Tunbridge Wells RFC
- Full name: Tunbridge Wells Rugby Football Club
- Union: Kent RFU
- Nickname: Wells
- Founded: 1931; 95 years ago (as Old Skinners)
- Location: Royal Tunbridge Wells, Kent, England
- Ground: St Marks Recreation Ground (Capacity: 3,000 )
- Chairman: Mike Rigby
- President: Jim Hendley
- Captain: TBC
- League: Regional 1 South Central
- 2025–26: 3rd

Official website
- www.twrfc.com

= Tunbridge Wells RFC =

English rugby union club, based in Tunbridge Wells

Tunbridge Wells RFC is an English rugby union club, based Royal Tunbridge Wells, Kent and play in Regional 1 South Central.

==History==
Tunbridge Wells RFC was officially formed as Old Skinners RFC in 1931 as a rugby union club for former pupils of The Skinners' School. In 1970, membership of the club became open to non-Skinners pupils with Old Skinners being renamed as Tunbridge Wells RFC in 1973. Despite becoming an open club, Tunbridge Wells retain their links with The Skinners' School, specifically by not selecting Skinners pupils who represent Skinners while they are competing in the Daily Mail Cup to assist them. In 1985, Tunbridge Wells had a new clubhouse constructed, which was opened by Princess Anne.

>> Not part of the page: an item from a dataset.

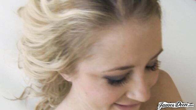 - Description: Mandy Armani is sitting on a chair and smiling awkwardly at the camera. Just by looking at how quickly her hand moves from one position to another; she seems uneasy. She rather looked too prim and proper with her choices of clothes to wear today. As the conversation between her and the person on the other side of the camera progresses, her what seems to be a very innocent face gradually turns into a sexy vixen who every man would want to fuck. She is finally getting comfortable with James Deen. Her smile seems sincere now. Her arms and hands looked like they have never moved or changed a bit. She now feels relaxed being around him. She slowly lifts one of her legs and places it on the chair that she is sitting on. She suddenly gets up heading in front of the camera. Blonde beauty Mandy is now lying naked on a white cloth on the floor. She looks like a different person with her clothes off. With her nipples already hard as fuck, eyes shut and one hand grabbing the cloth, the porn star might have started eating her pussy, the kind of action that she always looks forward to. Wearing a black t-shirt, he continues to tongue-fucked her pussy. She was definitely enjoying it as she licks her lips at the pleasure. As he licks her clit, he felt that she was about to cum. He turns her around. Her bare butt cheeks facing him. He continues pussy eating her as he turns her on the side. Mandy’s heartbeat is already racing too fast when James brings her lying on her back again. When he noticed that, he buried his face on her womanhood, licked and bit her clit and eats her like tomorrow is not coming. She came over and over again all over his face and he was completely satisfied with his actions.
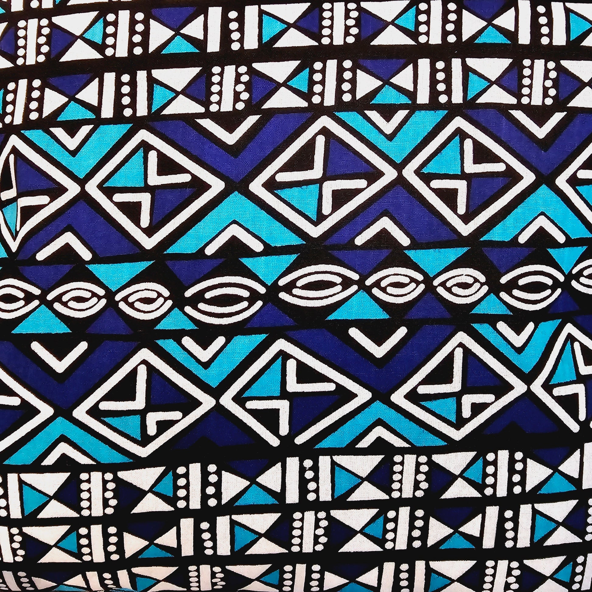This cushion is made with vibrant African wax print cotton on the front, extra thick unbleached cotton twill on the back to create a sturdy and durable cushion, and silky piping to bring out the beautiful colours in the print to create a bold statement cushion.

Since the creation of league rugby in 1987, Tunbridge Wells played mainly in London 1 South where they also played league matches against future RFU Championship side, Jersey and regularly attempted to enter National League 3 London & SE. In 2011, Tunbridge Wells were relegated to London 2 South East. The following season they were relegated again to London 3 South East.
The club managed to reverse the trend and win promotion back to the London 2 South East league after finishing in the runner up position in the London 3 South East league in the 2012–13 season.

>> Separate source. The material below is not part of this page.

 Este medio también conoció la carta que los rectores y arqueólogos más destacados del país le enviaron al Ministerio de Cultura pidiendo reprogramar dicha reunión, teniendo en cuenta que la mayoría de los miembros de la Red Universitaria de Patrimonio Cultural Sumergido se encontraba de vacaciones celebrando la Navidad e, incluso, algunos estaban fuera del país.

They also compete in Kent cup competitions.

In addition to the 1st XV the club regularly fields other adult sides (including a social and Vets side) competing in various Kent RFU league competitions. In the 2012–13 season the 2nd XV won the Invicta 1 league.

In 2012, Tunbridge Wells set up a scheme where players from their youth teams would act as ambassadors to local schools for the club to assist with coaching and participation in rugby. This innovative plan was praised by the Rugby Football Union as "a great idea" as a number of other rugby clubs also set up similar schemes following on from Tunbridge Wells'. Tunbridge Wells are also affiliated to English Premiership team, Saracens.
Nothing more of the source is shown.